I disagree with Navarrette. If you've read the law, it makes blanket statements and assumptions. It IS inherently racist. Otherwise, his views hold water.
Why Arizona’s law is a hornet’s nest
By Ruben Navarrette, UNION-TRIBUNE COLUMNIST
Tuesday, June 1, 2010 at 12:03 a.m.
A reader demands that the media stop pussyfooting around and call the new Arizona immigration law what it is: “The Mexican Removal Act.”
Too harsh? Not if you saw a recent story by a Phoenix television station that examined hundreds of e-mails exchanged between supporters of the legislation and its sponsor, state Sen. Russell Pearce. Here is how one constituent described the bill’s purpose: “I think it is about time we take our state and country back from the Mexicans.” Many others offered similar comments.
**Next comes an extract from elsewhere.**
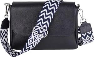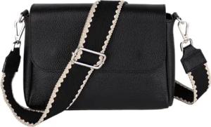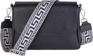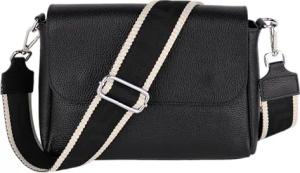 Umhängetasche Damen, Crossbody Bag, Echtleder Made in Italy (1 Tasche 2 Gurte oder Basic Version 1 Tasche 1 Gurt), 27x20x7cm (BXHXT) Mittelgroß (Upgrade Version (mit 2 Gurte): Schwarz Fischgrät)

The truth can be ugly. But we shouldn’t turn a blind eye to it.
And here is the reality: There is a segment of the U.S. population that would like to turn back the demographic clock to a Beaver Cleaver era when a headline declaring “Whites to be U.S. minority by 2050” was inconceivable. Yet according to Census Bureau estimates, the U.S. Latino population is expected to triple in the next 40 years.
Not if Arizona has anything to say about it. No sir. Why? Because “it is about time what we take our state and country back from the Mexicans.”
This isn’t to say that the new law is inherently racist, or that everyone who supports it is racist. But one would have to be naive to run off in the opposite direction and label the measure, or the passions fueling it, race-neutral – as if intimidating, offending, inconveniencing and scaring off as many Latinos as possible was an unintended consequence instead of the prime objective.
There is no shortage of naiveté. Faced with a law that turns local and state police into makeshift immigration agents – without the additional training that real federal immigration agents must complete – many Americans have decided that racial profiling is harmless as long as some other group is profiled.
What is in short supply is empathy. Some identify with those who feel that their state is being invaded, its services abused and resources depleted. Others align themselves with those who worry about being treated as second-class citizens because of ethnicity, skin color, accent or another characteristic that makes them appear “foreign” in their own country. Neither camp seems interested in the other’s point of view.
I’m getting an earful from both sides. In the last few weeks, I’ve received dozens of e-mails from people who assure me that Latinos who are U.S. citizens or have a legal right to be in the United States have no reason to be offended by the new law and nothing to worry about. And I’ve received dozens of e-mails from Latinos who fall into those categories and who tell me they’re offended and worried. Some of them either live in Arizona or travel there often and are concerned about being accosted by police relying on a flimsy excuse.
This simply would never happen, the first group assures me with the absolute confidence of those who have nothing to lose if their assumptions are wrong.
Besides pining away for Beaver Cleaver, their image of police is stuck on squeaky clean Joe Friday. “Just the facts, ma’am.”
Here are the facts: (1) Arizona lawmakers have boxed police officers in with a law that requires them – under threat of litigation – to check the citizenship of anyone they suspect of being in the country illegally once they make contact due to an alleged infraction; (2) the list of “infractions” is broad enough to include everything from trespassing to vagrancy to soliciting work to attending a party where the music is too loud; and (3) police officers are going to do everything they can to fulfill their obligations under the law.
And, as human beings, those officers will find it difficult not to give in to their prejudices. Take it from the experts. Among the critics of the Arizona law I heard from is a Latino police sergeant in a major U.S. city who, after more than 25 years on the job, knows how this game is going to play out.
“You’re right,” he wrote, “in the real world of policing as a peace officer on the street, any tool will be used to gain an advantage during any contact. It’s our nature to be proactive.”
Which is why the rest of us have to be just as proactive in pointing out what an indefensible law this is – especially to those who are determined to defend it.